**Goal of the exercise**. Output the complete listing exactly, please, and keep the pictures out of it.

──────── Given material

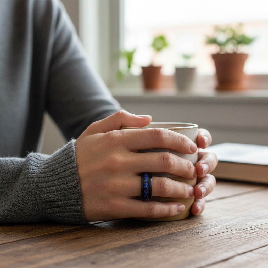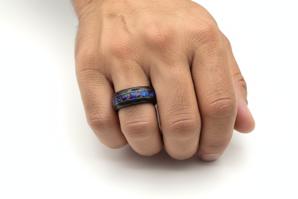Dąb czarno-srebrny tworzy mocne, eleganckie tło dla kruszonego opalu Midnight. W zależności od kąta światła pierścionek zmienia charakter — od minimalistycznej, ciemnej obrączki po dynamiczny, kolorowy akcent przyciągający wzrok.
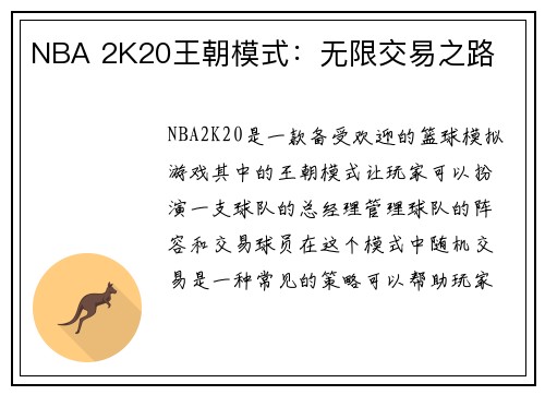 NBA 2K20王朝模式中的随便交易是一个非常有趣和有挑战性的策略。通过选择适合的球队、评估球队需求、寻找交易目标、制定交易策略、进行交易和评估交易结果,可以在游戏中获得更好的球员和资源,提升球队实力。希望本文的介绍可以帮助玩家更好地进行随便交易,享受游戏的乐趣。
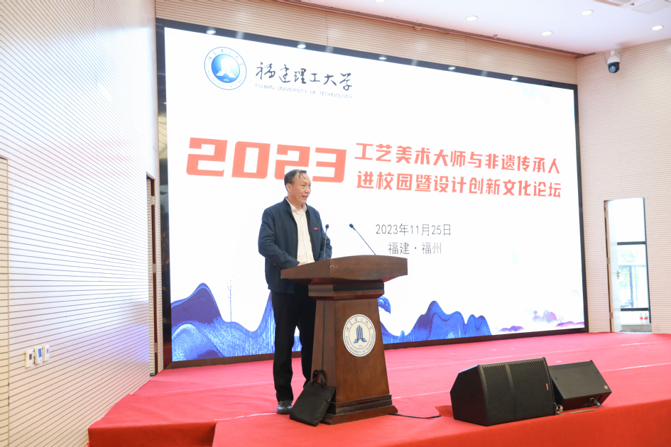 11月25日,福建理工大学2023年工艺美术大师与非遗传承人进校园暨设计创新文化论坛在旗山校区举行,论坛以“连通传统技艺与当代设计、赓续传统文化脉络、助推非遗文化传承创新发展”为主题。校党委书记吴仁华、校长童昕、校纪委书记(监察专员)王宜勤、副校长刘国买,福建省闽台文化交流中心主任郑金龙,福建省文化和旅游厅非物质文化遗产处四级调研员郭淑贞,冰心文学馆馆长、福建省海峡民间艺术馆馆长黄文明,福建省美术家协会副主席、福州市美术馆馆长郭辉,福建省雕刻艺术家协会会长陈文荣,福建省雕刻艺术家协会党支部书记、福建省非物质文化遗产代表性传承人黄建强,福建省雕刻艺术家协会副会长、陶瓷专业委员会主任李甲栈,福建省雕刻艺术家协会驻会秘书长陈建辉以及53位工艺美术大师与非遗传承人、学校有关职能部门负责人、设计学院相关负责人、师生代表等200多人参加活动。活动由副校长刘国买主持。
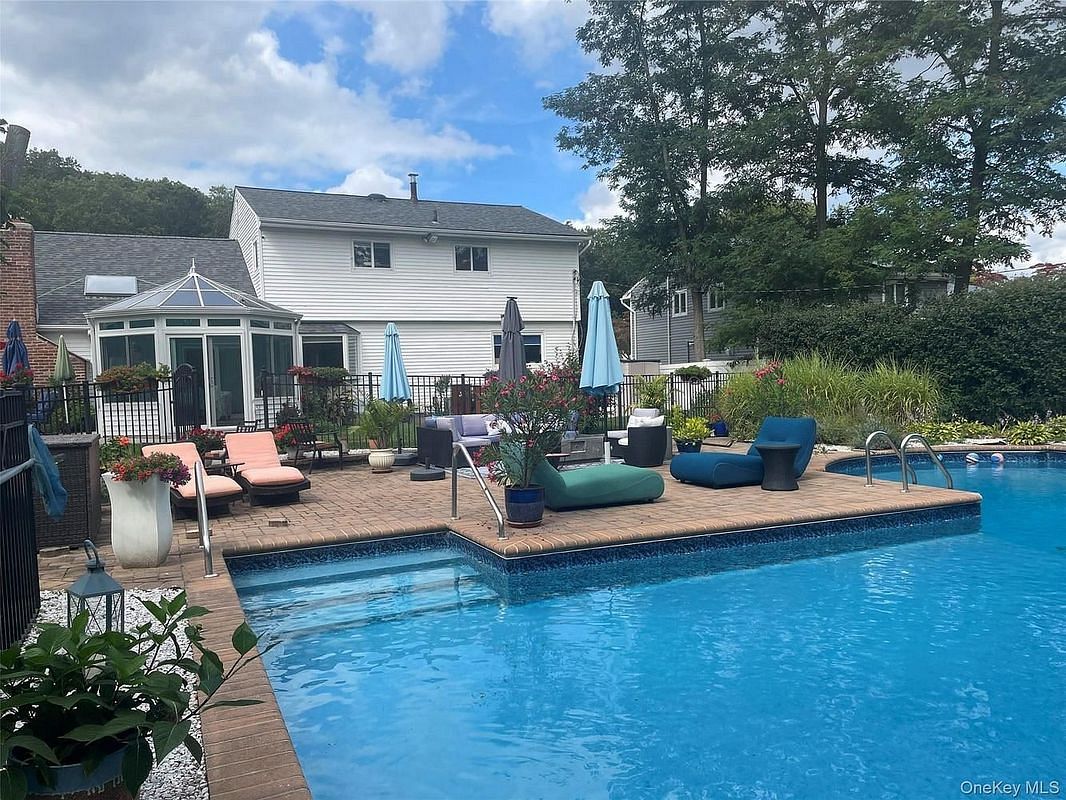 Welcome to this stunning 4- Bedroom, 2.5- Bath Colonial perfectly situated on a .35 acre in the Half Hollow Hills School District. The main level offers an inviting Entry Hall with a Powder Room, a formal Living Room and Den with a skylight and a Gas Fireplace. The Gourmet Kitchen features Stainless Steel Appliances, Gas cooking and a beautiful feature window overlooking the backyard. The Kitchen flows seamlessly into the Dining Room and Den making it ideal for entertaining. The upper level features the Primary Bedroom En-suite with Bath & Jacuzzi tub, three additional Bedrooms with Hardwood Floors and Full Bath. A beautiful Sunroom off the Den offers the perfect place to relax and unwind, featuring walls of windows that fill the space with natural light and overlooks the resort style backyard with an In-ground Heated Saltwater Pool, Stone Patio and Gas Fire Pit. Additional highlights include: 2- Car Garage, In-ground Sprinkler System, Basement with utilities, washer/ dryer and so much more!

────────────────

**Written response**.
Dąb czarno-srebrny tworzy mocne, eleganckie tło dla kruszonego opalu Midnight. W zależności od kąta światła pierścionek zmienia charakter — od minimalistycznej, ciemnej obrączki po dynamiczny, kolorowy akcent przyciągający wzrok.
 NBA 2K20王朝模式中的随便交易是一个非常有趣和有挑战性的策略。通过选择适合的球队、评估球队需求、寻找交易目标、制定交易策略、进行交易和评估交易结果,可以在游戏中获得更好的球员和资源,提升球队实力。希望本文的介绍可以帮助玩家更好地进行随便交易,享受游戏的乐趣。
 11月25日,福建理工大学2023年工艺美术大师与非遗传承人进校园暨设计创新文化论坛在旗山校区举行,论坛以“连通传统技艺与当代设计、赓续传统文化脉络、助推非遗文化传承创新发展”为主题。校党委书记吴仁华、校长童昕、校纪委书记(监察专员)王宜勤、副校长刘国买,福建省闽台文化交流中心主任郑金龙,福建省文化和旅游厅非物质文化遗产处四级调研员郭淑贞,冰心文学馆馆长、福建省海峡民间艺术馆馆长黄文明,福建省美术家协会副主席、福州市美术馆馆长郭辉,福建省雕刻艺术家协会会长陈文荣,福建省雕刻艺术家协会党支部书记、福建省非物质文化遗产代表性传承人黄建强,福建省雕刻艺术家协会副会长、陶瓷专业委员会主任李甲栈,福建省雕刻艺术家协会驻会秘书长陈建辉以及53位工艺美术大师与非遗传承人、学校有关职能部门负责人、设计学院相关负责人、师生代表等200多人参加活动。活动由副校长刘国买主持。
 Welcome to this stunning 4- Bedroom, 2.5- Bath Colonial perfectly situated on a .35 acre in the Half Hollow Hills School District. The main level offers an inviting Entry Hall with a Powder Room, a formal Living Room and Den with a skylight and a Gas Fireplace. The Gourmet Kitchen features Stainless Steel Appliances, Gas cooking and a beautiful feature window overlooking the backyard. The Kitchen flows seamlessly into the Dining Room and Den making it ideal for entertaining. The upper level features the Primary Bedroom En-suite with Bath & Jacuzzi tub, three additional Bedrooms with Hardwood Floors and Full Bath. A beautiful Sunroom off the Den offers the perfect place to relax and unwind, featuring walls of windows that fill the space with natural light and overlooks the resort style backyard with an In-ground Heated Saltwater Pool, Stone Patio and Gas Fire Pit. Additional highlights include: 2- Car Garage, In-ground Sprinkler System, Basement with utilities, washer/ dryer and so much more!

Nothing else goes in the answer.